Meet Joe Link and Bill McArthur, two guys from Lower Township who offered to show me what sea kayaking is like. I've kayaked in the waves occasionally and liked it but had seldom cruised on flat water. I had this idea that it would be like laid-back bicycle touring, the kind where you stop a lot, eat a lot and take some pictures. It can be like that, but in this case I had the wrong idea. Link and McArthur have different definitions for leisurely.
Link, a social worker for the state department of corrections, has run 29 marathons, finishing 18 in less than three hours, with a personal best of 2 hours, 44 minutes. Pain? Ha! He makes pain scream like a little boy, as my 6-year-old daughter likes to say. He's one of those people who don't use Novocain when he's getting teeth drilled. And McArthur? Here's a guy who used to take multiple aerobic step classes a day and has since cut down to five a week.
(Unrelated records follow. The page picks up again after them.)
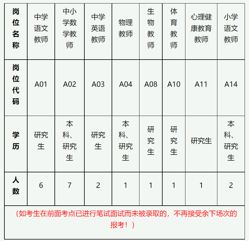 由于我们已在辽宁师范大学、哈尔滨师范大学开展了现场招聘,各考点招聘岗位和人数随招聘进程动态调整,最终考点的岗位及需求人数,以现场为准。最新招聘岗位信息,我们将会在计划前往的高校相关就业公众号发出,请密切关注或致电高新区教育局人事股0758-3103815查询。
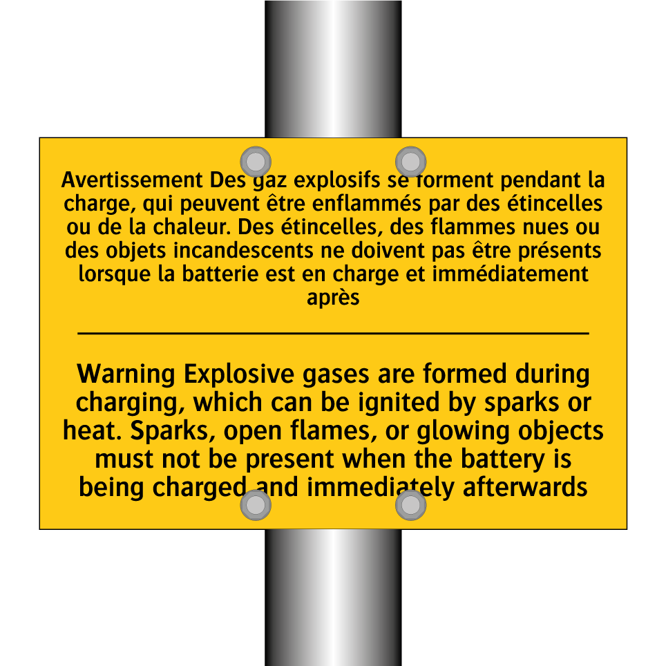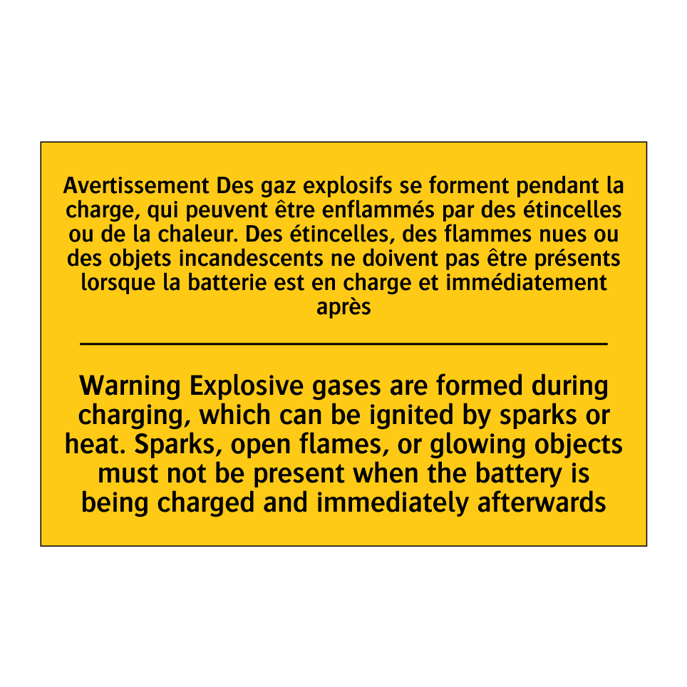 Panneau d'avertissement bilingue avec texte en français : "Avertissement Des gaz explosifs se forment pendant la charge, qui peuvent être enflammés par des étincelles ou de la chaleur. Des étincelles, des flammes nues ou des objets incandescents ne doivent pas être présents lorsque la batterie est en charge et immédiatement après", et en anglais : "Warning Explosive gases are formed during charging, which can be ignited by sparks or heat. Sparks, open flames, or glowing objects must not be present when the battery is being charged and immediately afterwards"
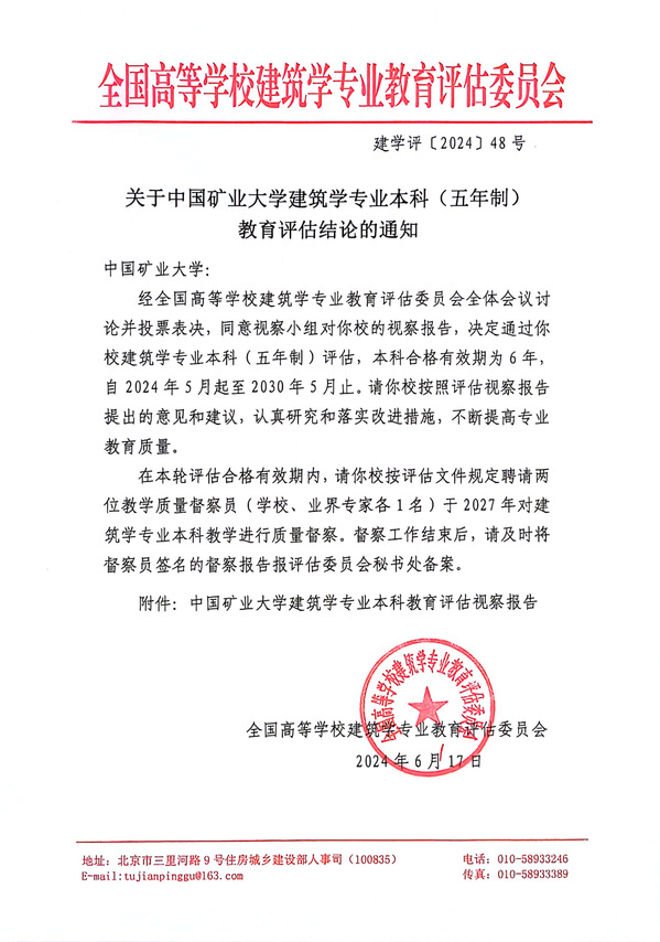 近日,全国高等学校建筑学专业教育评估委员会下发《关于中国矿业大学建筑学专业本科(五年制)教育评估结论的通知》,我校建筑学专业以最高等次通过评估,本科合格有效期为六年,自2024年5月起至2030年5月止。
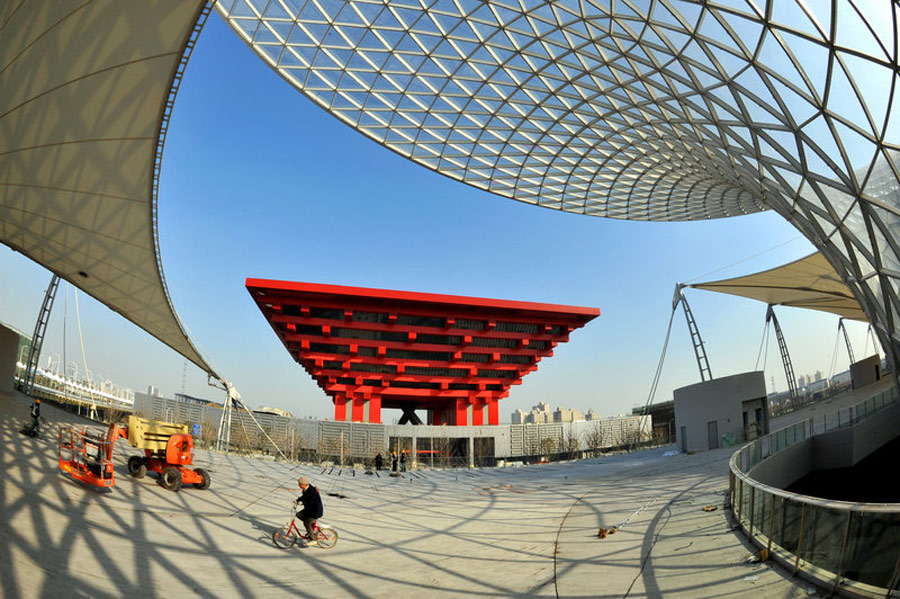 自1851年首次在英国伦敦举办以来,世界博览会已走过了150多年,世博会上各个国家的展馆也成为记录一个国家发展和进步的“书签”。让我们通过这一百多年来出现在世界博览会上的中国馆,来回眸世博会的百年变迁,感受世博会与中国结下的不解之缘。图为建设中的上海世博会世博园区-中国馆、阳光谷、世博轴。至诚/CFP
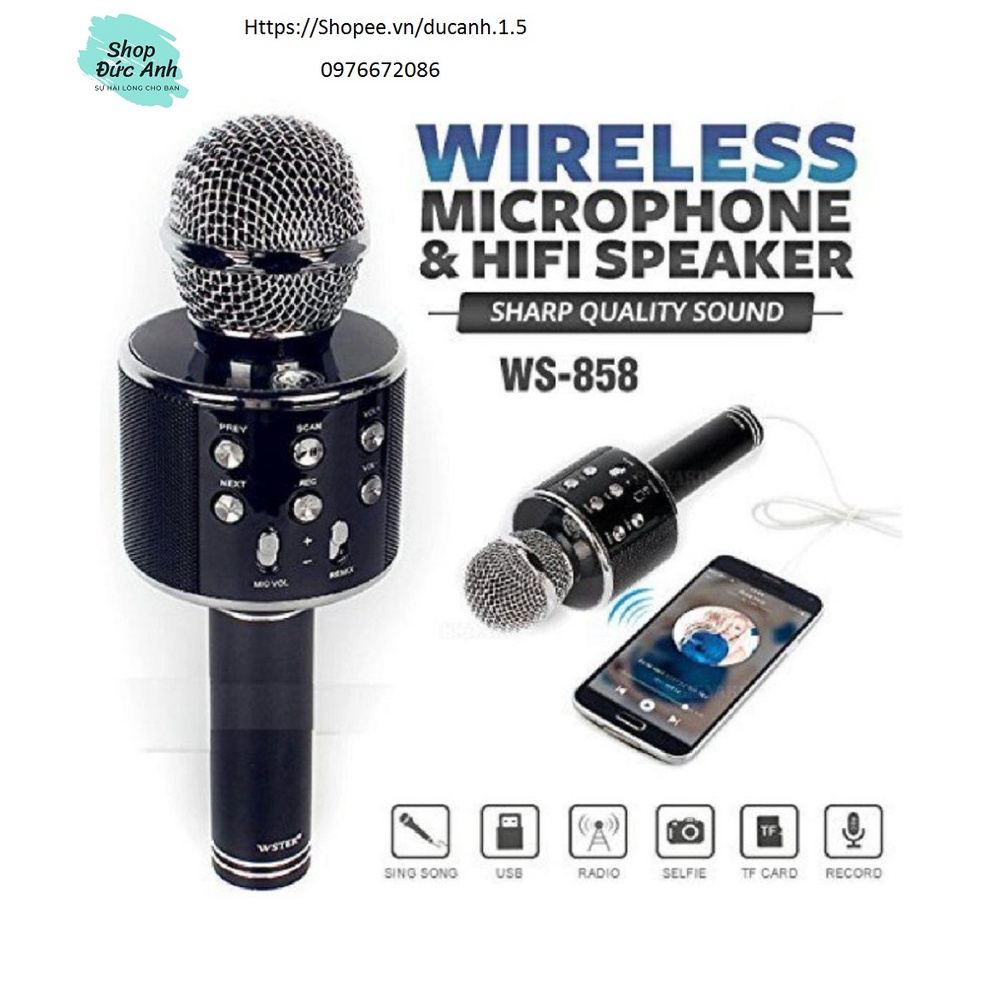 Thiết Bị Âm Thanh > Micro thu âm || Mic Hát Karaoke Kèm Loa Bluetooth WS-858 Đa Năng (Giao Màu Ngẫu Nhiên )Còn hàng

He's been known to kayak in 30-degree water and thinks paddling around icebergs is pretty cool.
"I enjoy being uncomfortable," Link said not long after we started paddling. Great, I thought. I've got some greenheads I can send your way.
But Link and McArthur are as irrepressible as weeds - stubborn, undeterrable and able to thrive in places that aren't comfortable. They've crossed the Delaware Bay multiple times. They've paddled around Manhattan Island. They're mad dogs, and there I was in a borrowed kayak next to them, trying to keep up. The sad part is they really did take it easy. On themselves, not necessarily on me.
We left from McArthur's house on the Delaware Bay, near huge dunes laden with bayberry, juniper, poison ivy, beach plum and jack oak. I got my one-minute lesson from Link (paddle with your body, using your big muscles, not just your arms) and then we were off.
I thought they were kidding about paddling five miles south to the concrete ship at Sunset Beach. In fact when we got to the ship, they kept going, paddling through its decaying belly past a few more jetties so we could get a look at that area called "The Rips," a series of shallows off Cape May Point where rogue waves occasionally terrorize unsuspecting boaters. If I hadn't requested a landing at Sunset Beach I think they'd still be out there heading south.
I really appreciated that McArthur and Link were paddling slow. I also appreciated seeing dolphins - dozens, many so close we could hear them blowing air when they surfaced. And I learned something about dolphins, thanks to Link and McArthur - that they're very sexually active. Which, naturally, is why they always look like they are smiling. Kayakers seem to smile a lot, too. Coincidence, I suppose.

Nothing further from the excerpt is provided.